Commanders and leaders
- Khusrau Khan Ghazi Kamil Tamar: Prataparudra Diwar Mehta
- Casualties and losses: Prataparudra surrendered over 100 elephants, 12,000 horses, and treasures to the invaders

= Siege of Warangal (1318) =

1318 siege by Delhi Sultanate

In 1318, the Delhi Sultanate ruler Qutbuddin Mubarak Shah sent an army to subjugate the Kakatiya ruler Prataparudra who had stopped making tribute payments to Delhi. The invading army, led by Khusrau Khan and other generals, besieged the Kakatiya capital Warangal. Prataparudra negotiated a truce after a brief siege, agreeing to resume payment of tribute to Delhi.

== Background ==

The Kakatiya kingdom, with its capital at Warangal, had been subdued by the forces of Qutbuddin's father Alauddin Khalji in 1310. However, the Kakatiya ruler Prataparudra had stopped making tribute payments to Delhi. Therefore, Mubarak Shah sent an army to subjugate him. The army was led by Khusrau Khan, Khwaja Haji (who had served as Alauddin's minister of war), and Malik Qutlugh (amir-i shikar).

== The siege ==

After reaching the vicinity of Warangal, Khusrau Khan surveyed the city from the Hanamkonda hill. His initial attack forced the defending garrison to retreat inside the Warangal Fort. The invaders then besieged the fort, and set fire to the fort's gate. The fire seems to have failed to achieve the desired results, as the invaders next pitched their tents around the fort. The Delhi army deployed highly advanced military technology by contemporary standards, including several siege engines.
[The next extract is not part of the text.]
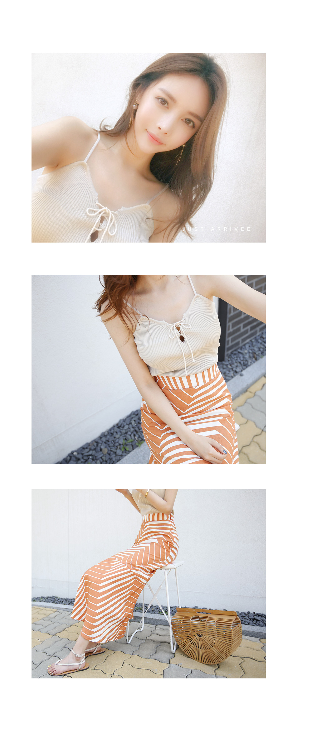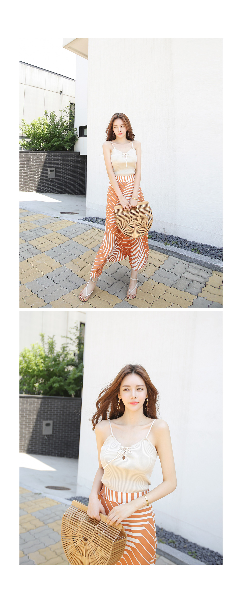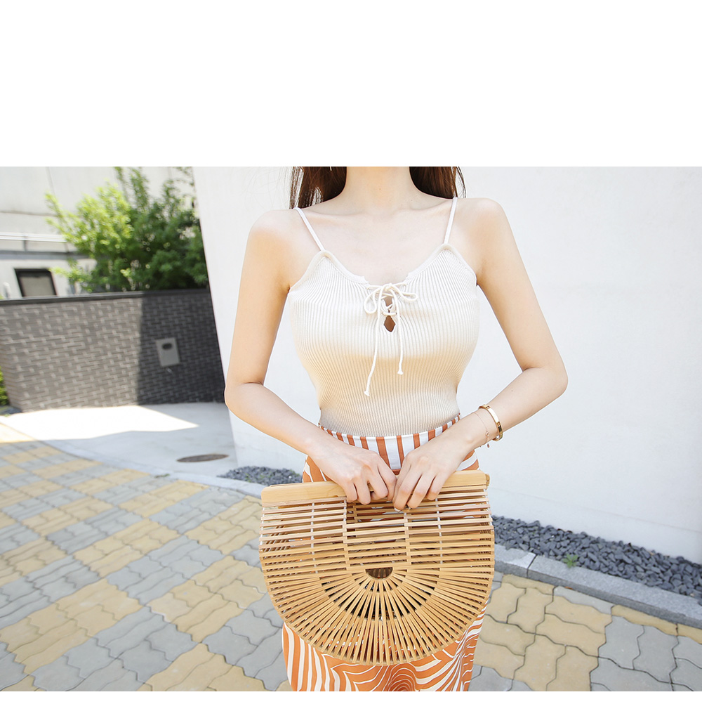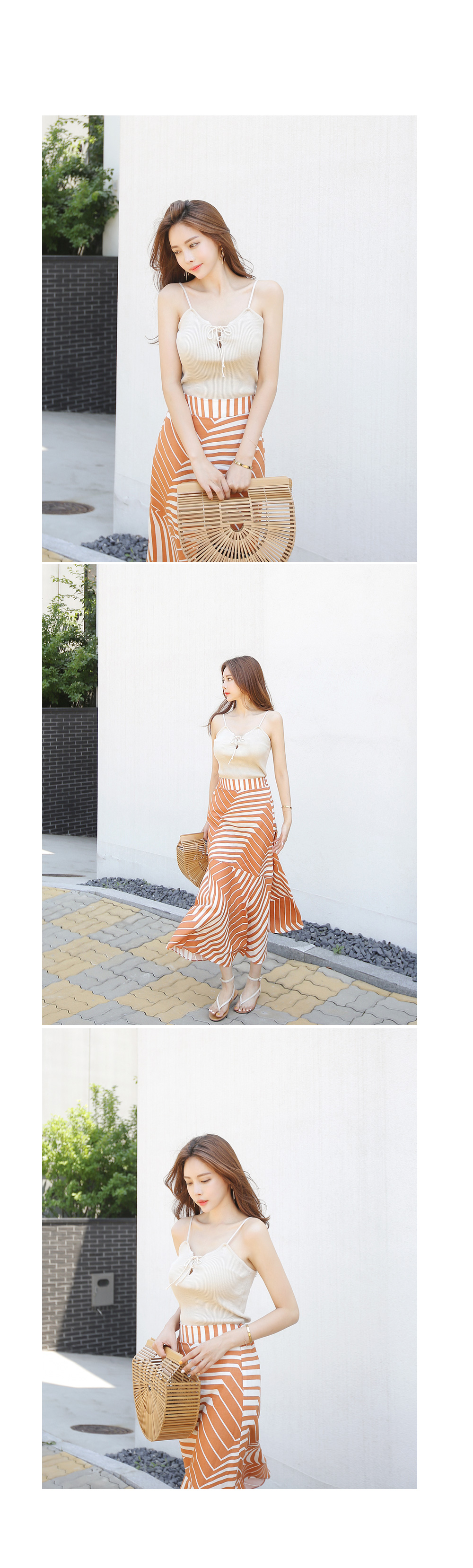끈나시 디자인으로 여름에도 시원하고 가볍게 입기 좋아요.

At night, Prataparudra's general Diwar Mehta launched an attack on the Delhi camp. However, the attack was repulsed by Ghazi Kamil (governor of Awadh) and Tamar (governor of Chanderi). The Delhi soldiers then climbed up to a tower of the outer fort wall, and captured Prataparudra's minister Anil Mehta in a skirmish. Khusrau Khan spared the captive's life. During the first half of the next day, the invaders captured the outer mud-fort. The invaders then decided to construct a pasheb under the supervision of Malik Ambar and Shihab Arb. At this time, Prataparudra sent his messengers to negotiate peace.

== Prataparudra's surrender ==

As part of the truce negotiations, Prataparudra surrendered over 100 elephants, 12,000 horses, and treasures to the invaders. Khusrau Khan also demanded an annual tribute payment of 60 gold bricks and cessation of five districts (Badarkot, Kailas, Basudan, Elor, and Kobar) from Prataparudra. After negotiations, this demand was reduced to 40 gold bricks and cessation of Badarkot. As a sign of Prataparudra's surrender, the canopy (chatr), baton (durbash), and banner given to him by Alauddin were taken back, and brought back as a gift from Mubarak Shah. Prataparudra paid obeisance to the royal canopy from the ramparts of his fort on three successive mornings.

After subduing the Kakatiyas, Khusrau Khan marched to Ellora near Daulatabad Fort, where Mubarak Shah had been residing for a month. The rest of the army joined him on the banks of the Narmada River on his way back to Delhi.